Sunday, January 17, 2021

Layout progress update 2

My holiday's have now come to an end and progress will no doubt slow down a little however I managed to get some more benchwork completed before going back to work.

I was asked in a comment to show a drawing of what the current plan is to be..... (it will no doubt change). Unfortunately I had lost my original drawing file and the 3rd Planit program I did years ago on an old computer. I copied the image file from a really old blog post and done some really quick and crude modifications to that image using 3D paint. The new sections of the mainline are shown in blue, while the branchline(s) is shown in green. This is for the lower level only as at this stage the top may not change. I will use Muswellbrook yard as the datum for explanation and it will be positioned on the Northern wall of my room.

There are two peninsulas within the room. One running east from the west wall and the other running north from the south wall. Both are divided by a floor to ceiling stud wall. The latter is the one I am currently working on. On the original plan the mainline was not going around this section of the layout. The main was to swing around from the east wall and run along the south wall directly into staging. The staging would be hidden below the scenic level. 

The new plan is to include an interpretation of St Heliers, the junction for the short branchline to the Muswellbrook no.1 and no.2 Collieries similar to how it was in early 1950. At around 1952 there was a proposal put in place to extend the loop east to Grass Tree, addition of both up and down passing loops and up and down refuge loops. It was also to include the addition of a type O2 signal box. Colour light signals were also to be installed at both the east and west ends of this loop.

This later plan is way to big for the space that I have and I want to stick with semaphore signals only. I do however want to include the signal box. This in mind I decided to change the name of this junction from St Heliers to Heliers Junction. This gives me the ability to model the pre 52 plan with a few additions. I will also wrap the whole passing loop around the above mentioned peninsula rather than try and model it in a big straight line as it was prototypically...…much more interesting. The actual junction will be part way around this S bend. This proved rather difficult and took some carful planning and moving about of the main curves, as it was suggested by my modelling group guys I should maintain a minimum 36" radius on the mainline, a little bigger than originally planed. Between the curved track running from the south wall and the main curve around the peninsula, there is only a small section of straight track to fit the point work for the Junction. 

Another issue that arose by having a 42 odd inch peninsula, that was not that big on the original plan, has now encroached on where the west to east peninsula was planned and was to include the helix to the top level. The mainline west out of Muswellbrook intended to run on a small 300mm wide scenicked section of benchwork around the outside of this helix. This would make that peninsula a 50 odd inch radius.  I have decided to move this helix to another special room under the house. Access to the helix will be from the west end swinging north out of Muswellbrook yard. I could now bring this other peninsula back to slightly bigger than 36 inches and have a full depth scene rather than 12 inches.

Back to the area I'm working on; The mainline, after it swings around the peninsula, will drop down grade and into staging along the back wall, while the coal branch will climb up and over the top of the staging. The coal loading facilities and associated sidings will be above the staging along the back wall.

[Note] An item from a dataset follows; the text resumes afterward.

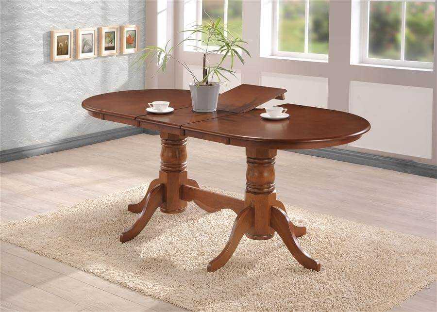 Классический образец. Хороши возможностями установки: в центре комнаты, около стены, в углу. В зависимости от длины столешницы за такую мебель можно усадить большое количество обедающих, при этом не возникает ощущения отчуждения из-за обширной поверхности, и все могут дотянуться до середины.

The below images show this new peninsula and the single piece of Masonite roughly laid in place for the mainline. All the benchwork is pretty simple L girder and is all braced back to the bottom of the wall so I have no legs. I have used both dressed Pine and Plywood. Most of this is old crap I have saved from a couple deceased estate layouts I dismantled several years ago. It has a few holes here and there but wont be seen once the scenery base goes down.

For those that did not Follow Ian Millard's WordPress blog on his Liverpool Range layout spline construction here are a few details.
The spline sections are cut form a 3.2mm Masonite sheet in 25mm wide strips on a table saw. Two strips are laminated together using 'Sika' brand TechGrip high strength polyurethane adhesive and are laid out where the centerline of my track would be allowing this spline to naturally curve giving natural easements. Its held in place with two nails. 
I made spacer blocks from a 7mm sheet of plywood and again cut these into 25mm wide strips. I then cut these into 30mm long blocks. These blocks are then glued to the outsides of this centre section about every three inches. These are held in place using spring clamps purchased on eBay. Finally another two strips of Masonite are glued to these blocks on both sides. I staggered the joins on all the strips of Masonite. I diverged these centre two sections where the points would be. Once the spline is complete I will sand the top surface with a long sanding board.
I am assembling pretty much all of my spline roadbed flat on the layout frame. I will raise and set the grade on this once I have all the spline completed to the start of the storage yard. 

 See pictures below.

The above image shows the diverging spline for the first set of points for the loop at Heliers Junction.

Till next time.



  1. Thanks Ian, Appreciate the effort. It gives me something to think about.

    cheers Phil

  2. Great work Ian, keep it up. Looking forward to the next instalment.

  3. PS: Need to update my Tenterfield blog.